## Problem statement
Set down exactly the lines in the records below that run from the line with "به گزارش روابط" to the line with "Aukey EP-T21 bluetooth", inclusive, and nothing more.

## Input records
※ ※ ※

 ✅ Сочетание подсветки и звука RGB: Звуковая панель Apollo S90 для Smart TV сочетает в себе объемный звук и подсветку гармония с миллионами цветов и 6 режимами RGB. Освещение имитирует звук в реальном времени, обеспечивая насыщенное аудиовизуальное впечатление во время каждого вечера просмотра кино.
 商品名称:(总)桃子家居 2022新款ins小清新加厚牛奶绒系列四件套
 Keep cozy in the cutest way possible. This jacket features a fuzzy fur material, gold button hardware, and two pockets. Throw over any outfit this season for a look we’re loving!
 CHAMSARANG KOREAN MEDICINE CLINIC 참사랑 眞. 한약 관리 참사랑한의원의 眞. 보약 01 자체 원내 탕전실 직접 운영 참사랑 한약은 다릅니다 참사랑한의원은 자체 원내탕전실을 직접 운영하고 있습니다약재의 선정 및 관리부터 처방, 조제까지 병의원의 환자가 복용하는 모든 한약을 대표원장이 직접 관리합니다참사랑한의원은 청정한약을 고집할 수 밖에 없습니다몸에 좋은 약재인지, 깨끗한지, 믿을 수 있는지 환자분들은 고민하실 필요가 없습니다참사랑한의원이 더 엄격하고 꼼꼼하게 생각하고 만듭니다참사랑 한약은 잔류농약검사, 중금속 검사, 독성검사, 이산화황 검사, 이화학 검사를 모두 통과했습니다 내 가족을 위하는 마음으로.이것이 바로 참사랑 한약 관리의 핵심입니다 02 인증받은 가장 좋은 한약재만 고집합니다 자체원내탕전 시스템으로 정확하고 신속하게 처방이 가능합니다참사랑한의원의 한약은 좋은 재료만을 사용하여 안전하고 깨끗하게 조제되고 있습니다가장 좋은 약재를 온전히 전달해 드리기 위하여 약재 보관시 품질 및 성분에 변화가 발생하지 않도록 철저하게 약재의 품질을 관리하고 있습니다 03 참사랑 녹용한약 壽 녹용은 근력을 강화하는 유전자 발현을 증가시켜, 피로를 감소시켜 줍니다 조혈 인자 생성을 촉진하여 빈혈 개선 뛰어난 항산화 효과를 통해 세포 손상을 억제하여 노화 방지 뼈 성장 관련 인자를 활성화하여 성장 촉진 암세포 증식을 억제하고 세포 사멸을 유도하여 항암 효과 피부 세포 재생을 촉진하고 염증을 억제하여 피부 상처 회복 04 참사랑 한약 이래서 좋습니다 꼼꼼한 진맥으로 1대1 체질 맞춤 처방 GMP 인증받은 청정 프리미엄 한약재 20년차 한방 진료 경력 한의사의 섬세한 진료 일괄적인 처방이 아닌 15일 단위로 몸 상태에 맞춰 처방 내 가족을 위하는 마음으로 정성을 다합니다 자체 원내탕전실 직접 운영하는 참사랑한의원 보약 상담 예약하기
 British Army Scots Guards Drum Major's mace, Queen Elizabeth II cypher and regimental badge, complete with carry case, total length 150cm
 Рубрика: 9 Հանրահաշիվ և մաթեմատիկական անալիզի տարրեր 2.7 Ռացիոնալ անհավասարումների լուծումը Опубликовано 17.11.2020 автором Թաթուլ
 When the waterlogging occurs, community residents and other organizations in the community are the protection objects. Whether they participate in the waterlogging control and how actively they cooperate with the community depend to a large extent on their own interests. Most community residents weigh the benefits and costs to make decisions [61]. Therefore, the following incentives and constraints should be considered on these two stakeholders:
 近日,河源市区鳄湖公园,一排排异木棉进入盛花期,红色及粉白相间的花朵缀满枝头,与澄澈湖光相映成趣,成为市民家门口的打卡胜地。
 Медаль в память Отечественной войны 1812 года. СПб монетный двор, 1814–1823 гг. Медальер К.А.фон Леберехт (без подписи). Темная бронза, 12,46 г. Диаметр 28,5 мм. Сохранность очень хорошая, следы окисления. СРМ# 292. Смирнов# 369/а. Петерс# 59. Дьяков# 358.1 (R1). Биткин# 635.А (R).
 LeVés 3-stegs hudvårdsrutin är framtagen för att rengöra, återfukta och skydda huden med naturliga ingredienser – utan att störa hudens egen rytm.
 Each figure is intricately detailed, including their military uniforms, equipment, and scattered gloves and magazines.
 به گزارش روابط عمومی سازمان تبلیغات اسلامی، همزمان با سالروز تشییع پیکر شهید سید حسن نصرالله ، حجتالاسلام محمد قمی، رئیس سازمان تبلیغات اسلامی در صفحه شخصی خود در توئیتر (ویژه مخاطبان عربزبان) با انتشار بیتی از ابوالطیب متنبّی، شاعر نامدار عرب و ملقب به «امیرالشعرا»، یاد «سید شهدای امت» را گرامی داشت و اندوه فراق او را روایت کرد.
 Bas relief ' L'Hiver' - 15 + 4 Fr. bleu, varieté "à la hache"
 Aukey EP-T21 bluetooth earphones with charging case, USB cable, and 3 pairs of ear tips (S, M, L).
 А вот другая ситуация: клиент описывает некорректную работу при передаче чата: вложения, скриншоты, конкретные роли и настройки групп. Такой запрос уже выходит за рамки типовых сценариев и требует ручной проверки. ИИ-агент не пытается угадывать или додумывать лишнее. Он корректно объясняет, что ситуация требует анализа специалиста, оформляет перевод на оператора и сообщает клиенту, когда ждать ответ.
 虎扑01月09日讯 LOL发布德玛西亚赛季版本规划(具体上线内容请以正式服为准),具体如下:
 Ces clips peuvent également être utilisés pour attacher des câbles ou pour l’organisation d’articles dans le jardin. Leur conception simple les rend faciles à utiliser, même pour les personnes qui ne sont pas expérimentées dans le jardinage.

※ ※ ※

## Worked solution
 به گزارش روابط عمومی سازمان تبلیغات اسلامی، همزمان با سالروز تشییع پیکر شهید سید حسن نصرالله ، حجتالاسلام محمد قمی، رئیس سازمان تبلیغات اسلامی در صفحه شخصی خود در توئیتر (ویژه مخاطبان عربزبان) با انتشار بیتی از ابوالطیب متنبّی، شاعر نامدار عرب و ملقب به «امیرالشعرا»، یاد «سید شهدای امت» را گرامی داشت و اندوه فراق او را روایت کرد.
 Bas relief ' L'Hiver' - 15 + 4 Fr. bleu, varieté "à la hache"
 Aukey EP-T21 bluetooth earphones with charging case, USB cable, and 3 pairs of ear tips (S, M, L).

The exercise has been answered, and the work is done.